Voxound
- Available in: English, Spanish
- Owner: Voxolutions SpA.
- Creators: Ignacio Baixas, Jaime Bunzli, Cristián Diaz, Juan Ignacio Donoso, Agustin Feuerhake
- Commercial: yes
- Registration: Optional (Facebook)
- Launched: 2008
- Current status: Inactive

= Voxound =

Voxound is a music web site that offers streaming through YouTube videos and plays local files through the use of a downloadable daemon. Voxound strives to generate a general classification of music (also known as a folksonomy of music) and encourages exploratory search.

== History ==
The project was originally started by Jaime Bunzli as an attempt of solving his own needs for fixing and ordering his music collection.

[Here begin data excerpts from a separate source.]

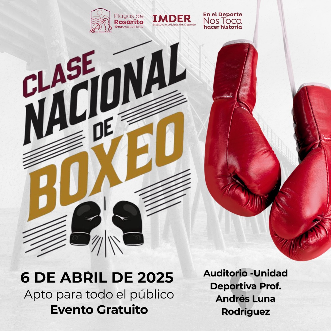 El gobierno municipal que encabeza la Mtra. Rocio Adame Muñoz, a través del Instituto Municipal del Deporte de Rosarito (IMDER), se complace en anunciar la celebración de la Clase Nacional de Boxeo, un evento gratuito y para toda la familia que se llevará a cabo el próximo 6 de abril en la Unidad Deportiva Profesor Andrés Luna.
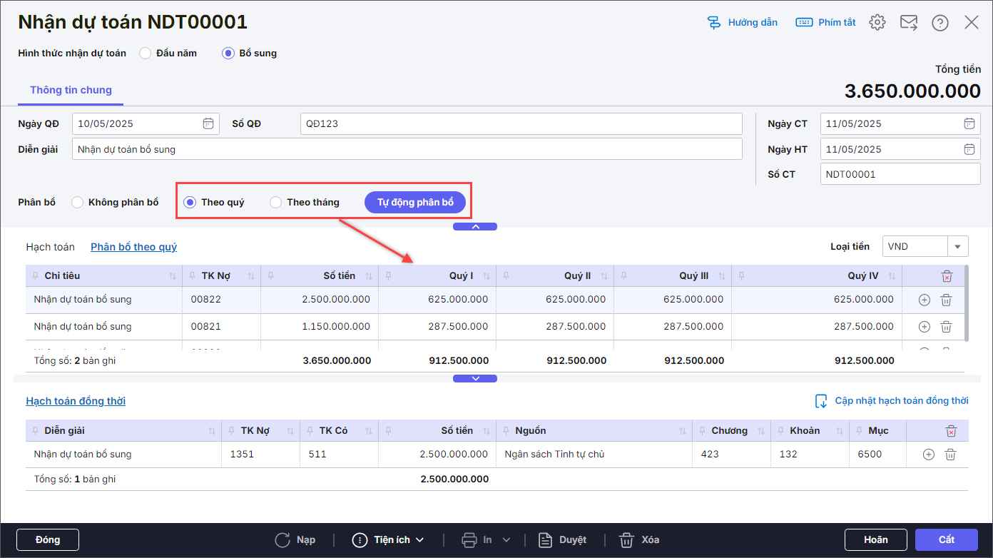 3. Nếu phân bổ dự toán theo Quý hoặc Tháng thì thực hiện như sau:
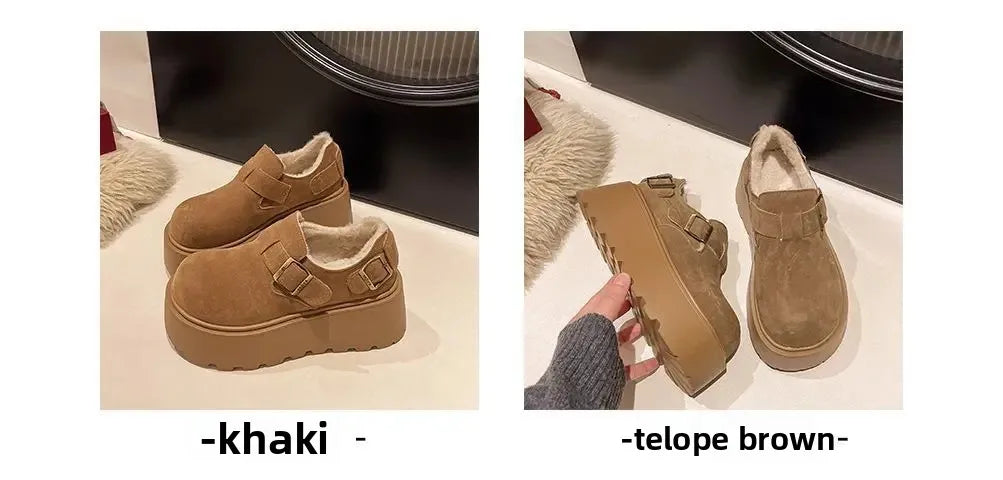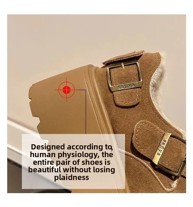 Women's Thick Bottomed Slip-On Flats Fleece Lined Cotton Shoes Spring Autumn Casual Comfortable Flat Heel Warmth Enhancing
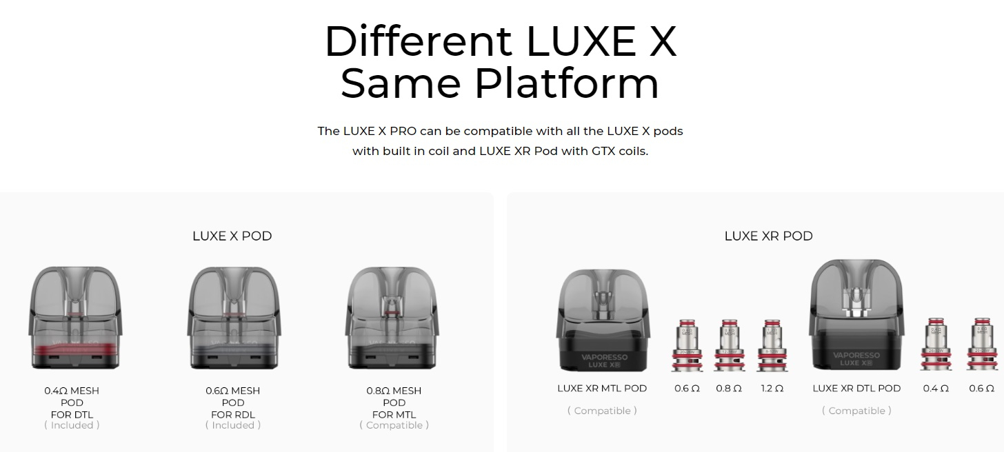 • 1x Luxe X 0,4 Ohm Mesh Pod
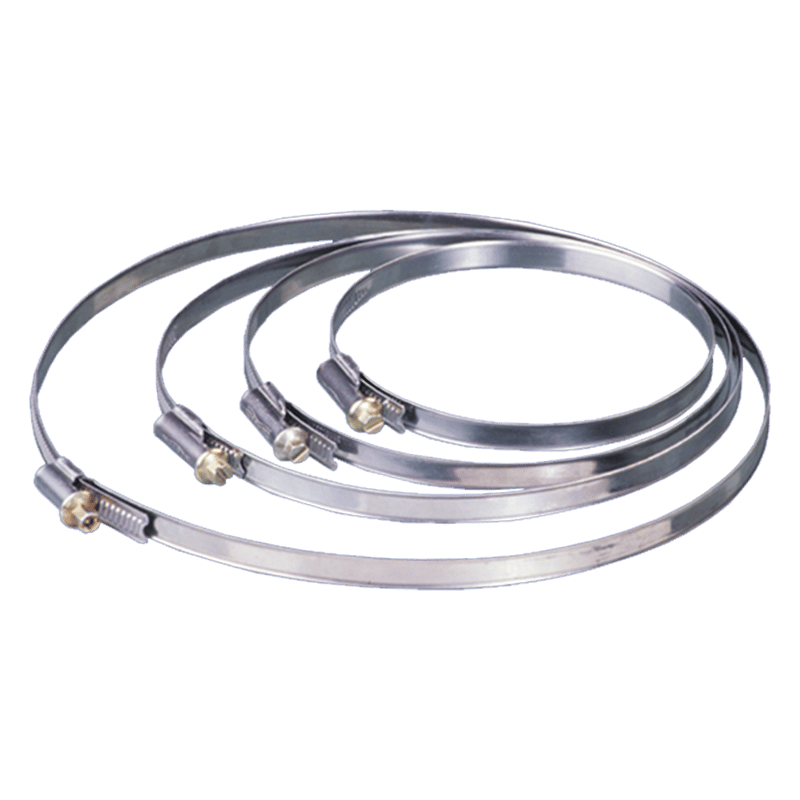 Nerezová sťahovacia páska určená na upevnenie flexibilného kruhového potrubia v systémoch vzduchotechniky.
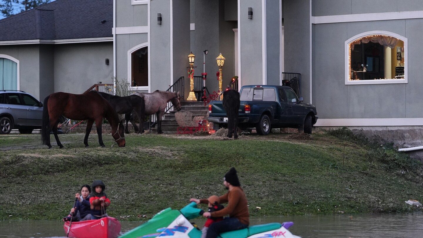 “E-man” Trujillo uses a jet-ski to pull his children in a canoe as the family’s horses graze on high ground in near their front door after heavy rains led to historic flooding in the region Saturday, Dec. 13, 2025, in Burlington, Wash. (AP Photo/Lindsey Wasson)
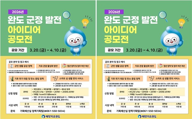 군 관계자는 “군민의 작은 아이디어 하나가 지역의 큰 변화를 이끌 수 있다”며 “많은 관심과 참여를 통해 함께 완도의 미래를 만들어가길 기대한다”고 밝혔다.
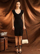 The Hiro Midi Dress in rich burgundy is a sleek seasonal staple. Designed with a classic round neck, contrast detailing, and a subtle front slit, this midi-length silhouette adds refined edge to your winter wardrobe perfect for desk-to-dinner dressing.
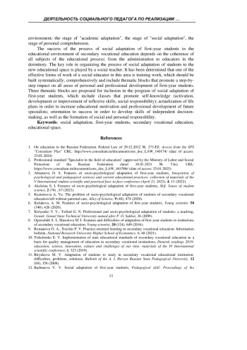 11. Бирюкова М.В. Адаптация студентов к обучению в среднем профессиональном учебном заведении: трудности, проблемы, пути решения / М. В. Бирюкова // Известия Российского государственного педагогического университета имени А. И. Герцена. № 12 (88): Психолого-педагогические науки (психология, педагогика, теория и методика обучения): Научный журнал. - 2008. - № 12 (88). - С. 158-162. EDN: JVVHSD
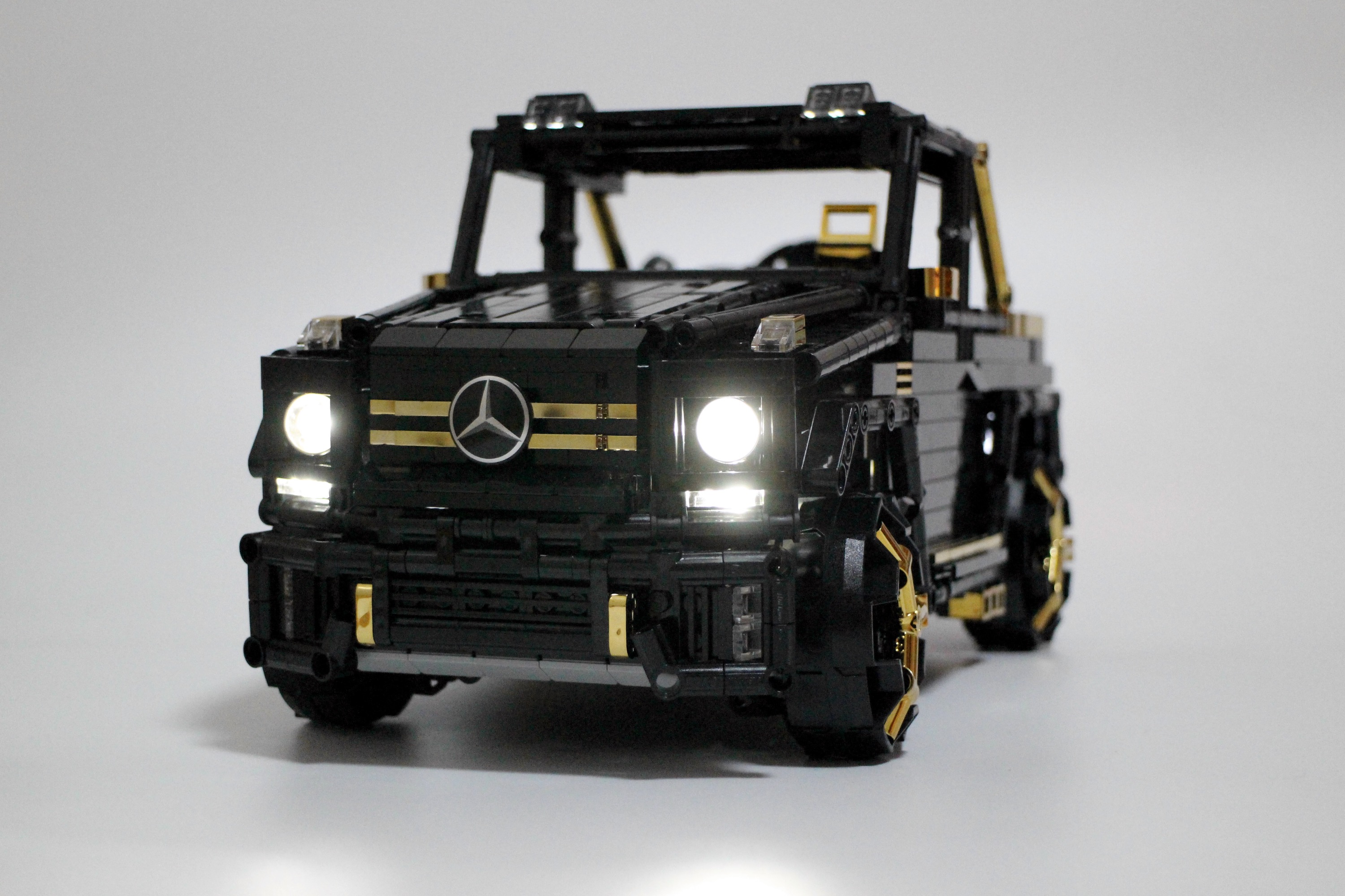 作品属于中型尺寸乐高科技类MOC,在保持与实车比例一致的前提下,进行了大量的颇具攻击性的外观改装,大灯、日行灯、尾灯均配LED;委托工厂对部分装饰零件进行喷镀,并设计了低阻力的“三叉星”外观车轮,起步会有打滑效果。
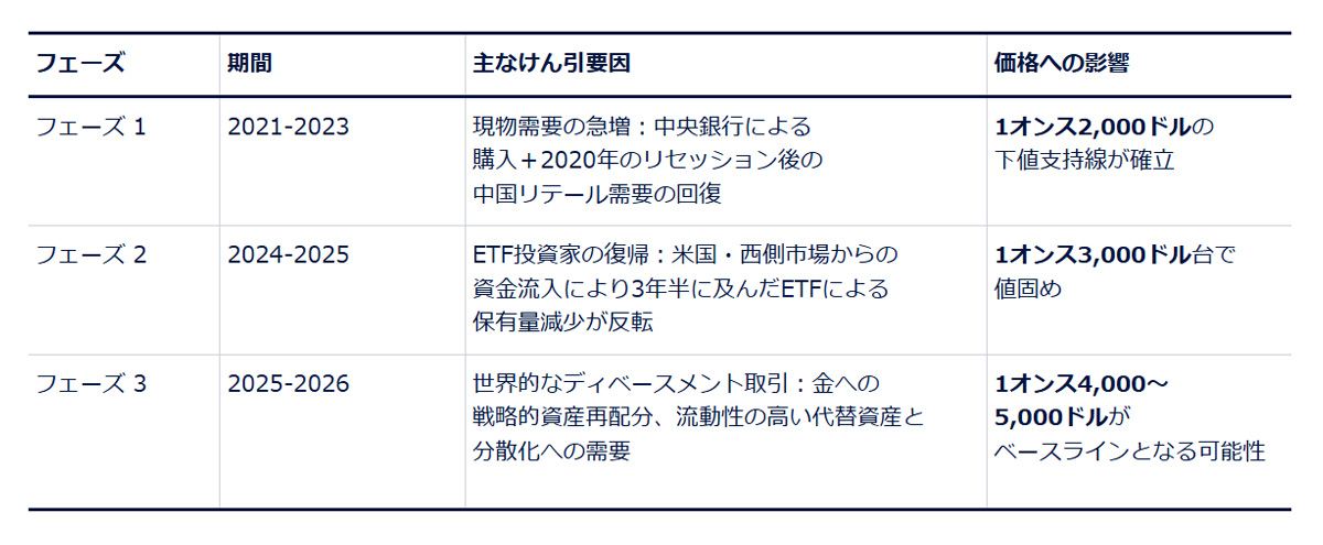 パンデミック後のレジーム変化は、金相場をより高いレンジに移行させています。過去5年間の価格サイクルに着目すると、3つの明確なフェーズがあったことが分かります。

In 2007 he involved some of his colleagues at Pontificia Universidad Católica de Chile and started working in an initial Voxound prototype. In October 2008 the team got funding from family and friends and started from scratch. During the year 2009, Voxound developed a player for Windows, but its development was discontinued in early 2010. In October 2009, the Latin American Intel Challenge awarded them with $15.000 and tickets to participate in the Intel + UC Berkeley Technology Entrepreneurship Challenge.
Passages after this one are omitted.